I wished that night he could have thought it truly!

Will Peake, when the work of the day was done, was in vast great humour to find me of the ship’s company. He had scarce known me at first, so changed was I by the perils of the last weeks. A score or more of swashbuckling ’prentices were on board the ship, he said; and, presently, when I saw them all, and heard their jests, and knocked some of their heads together, I could have believed myself in Cheapside. Having been some two weeks on board, they were mightily proud of their seamanship, and delighted to call me (who had sailed as many seas as they had ponds), landlubber.

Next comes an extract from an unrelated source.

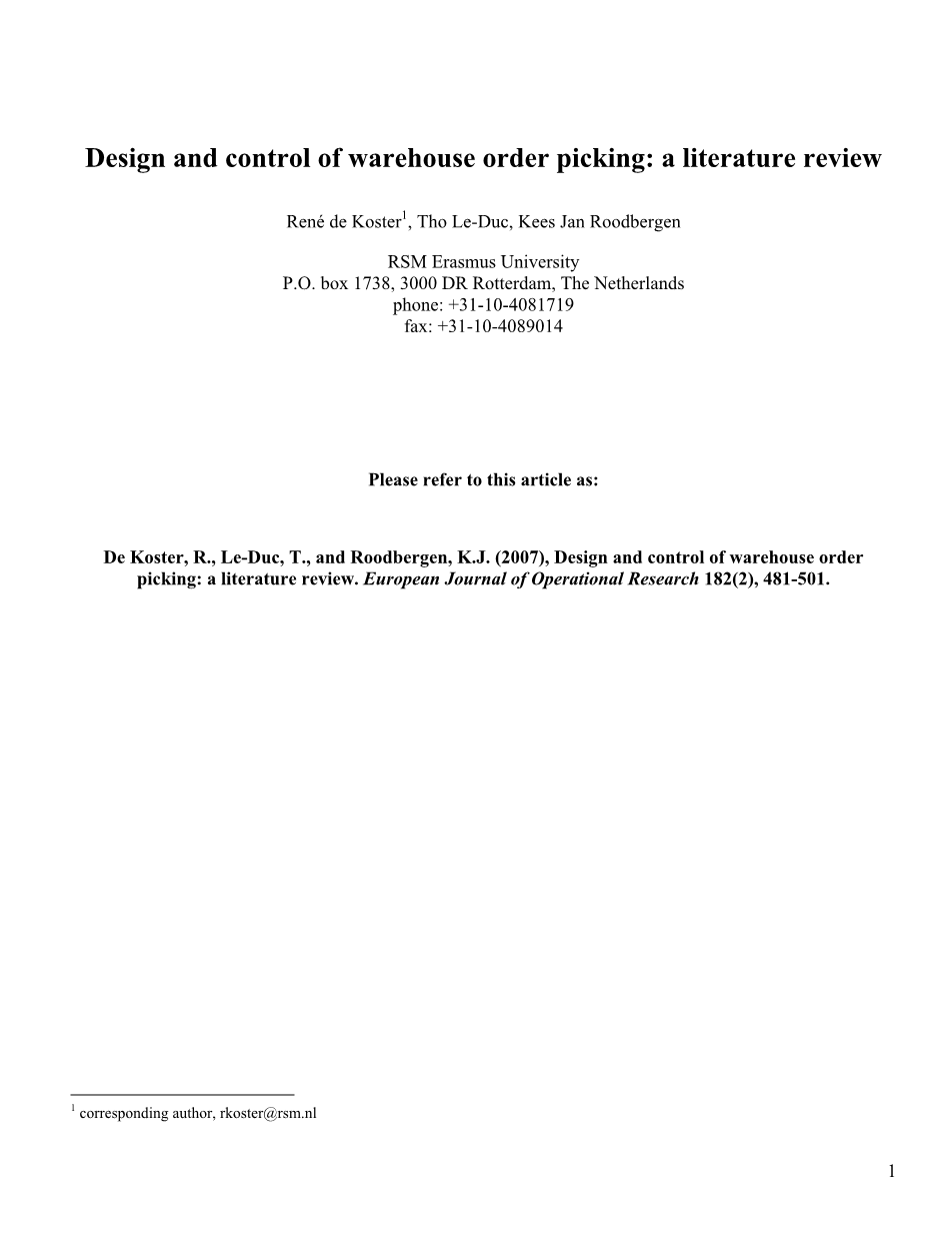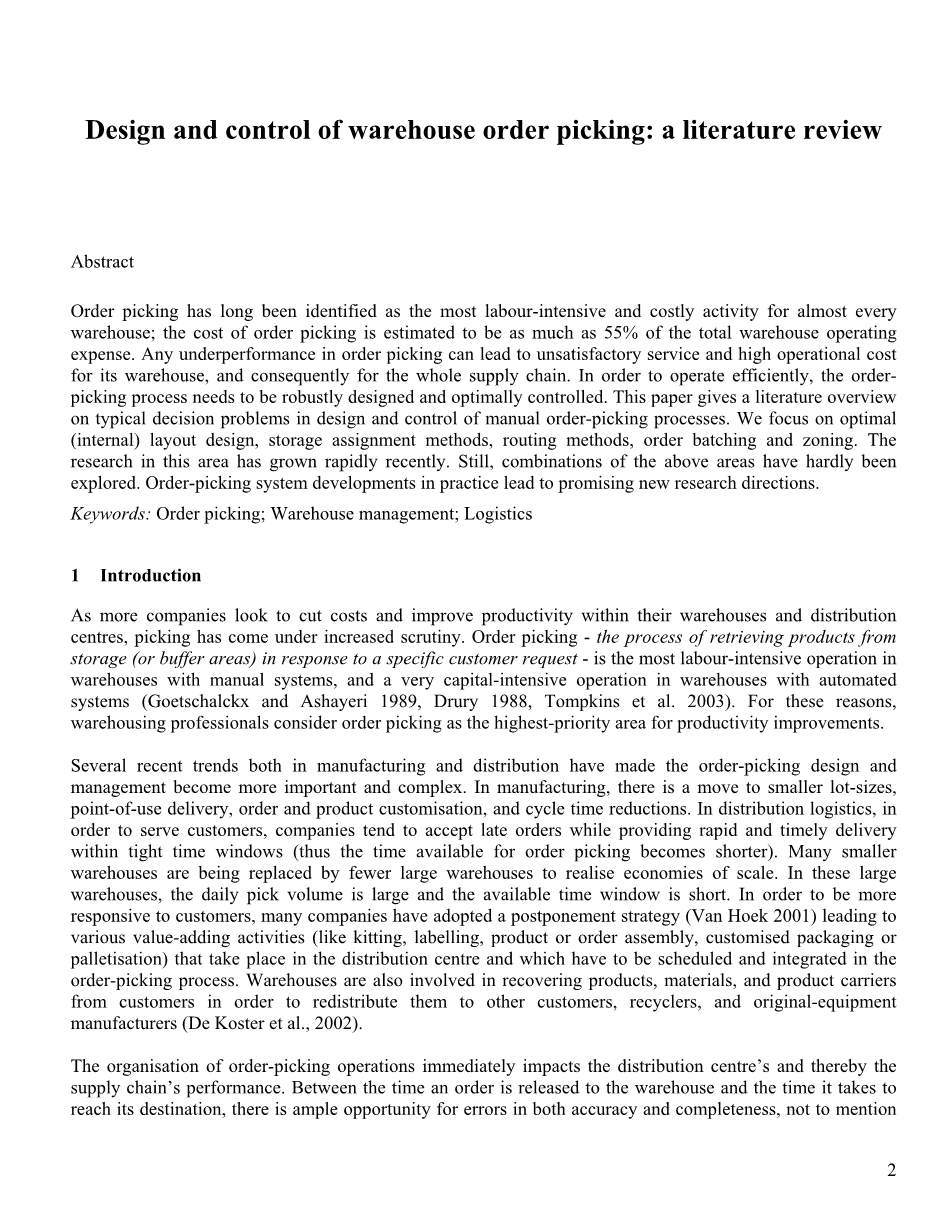 订单拣选长期以来被确定为几乎每个仓库最劳动密集和昂贵的活动;订单拣选的成本估计为仓库总运营费用的55%。订单拣选的表现不佳可能会导致服务不佳,仓库运营成本高,从而导致整个供应链。为了有效运行,订单挑选过程需要得到鲁棒设计和最佳控制。本文给出了手工订单处理设计和控制中典型决策问题的文献综述。我们专注于最优(内部)布局设计,存储分配方法,路由方法,订单批处理和分区。这一领域的研究近来发展很快。然而,上述领域的组合几乎没有被探索。订单采摘系统的实际发展带来了新的研究方向。

However, it mattered not, and we spent a merry night—at least they did—scudding before the wind, and watching the Spanish lanthorns rocking uneasily in the darkness a mile ahead of us.

When daylight came, there they were in a long disorderly line, never looking back, with canvas set, and still running. Some of our ships hung close on their heels, like dogs at a flying ox; but scarce a shot boomed, and never a tack did the Dons slack off their northward course.

As for us, there were two good reasons why we, on the Vanguard, should not keep up the chase. We had neither shot to fire nor food to eat. When I came forward that morning to receive my morsel of biscuit with the rest, I understood how ill-pleased Master Winter had been to see another hungry body on board his ship. Even yesterday, as we had helped the bodies of the brave fellows who had fallen for their Queen overboard, it was plain to see that there was something of consolation joined to the pity we all felt for our lost comrades; and the sight of my beggarly rations when I received them made it clear what that consolation was.

So when, after a day’s chase, the word was given to put about, and beat up for Margate Roads, scarce a man among us had the stomach to grumble.

’Twas a long, dismal voyage that, in the face of the tempest—with short and tedious tacks that sometimes left us at the day’s end little nearer our haven than at the beginning. And long before Margate was reached half of our company was sick with famine.

I think as brave as any men who fought in that great sea-fight were the few fellows of Will Peake’s sort who kept up heart and spirit on that sorry voyage back to Margate. I know I myself had been tempted often enough to give over but for his cheery word in my ear; and if half the crew remained loyal to their captain till we reached land, Master Winter owed it not a little to his ’prentice-sailors. As for me, I was plague-stricken before we passed the Thames mouth, and when at last we dropped anchor in Margate Roads, Will told me he doubted whether I was worth the lifting ashore.

Yet he did as much for me and more. He nursed me like my own brother, and when, a week or two later, I was able to stand on my feet and set one foot before another Londonwards, I owed it to him that I found myself at last once more in the great city, and had life left in me to look round and know where I stood.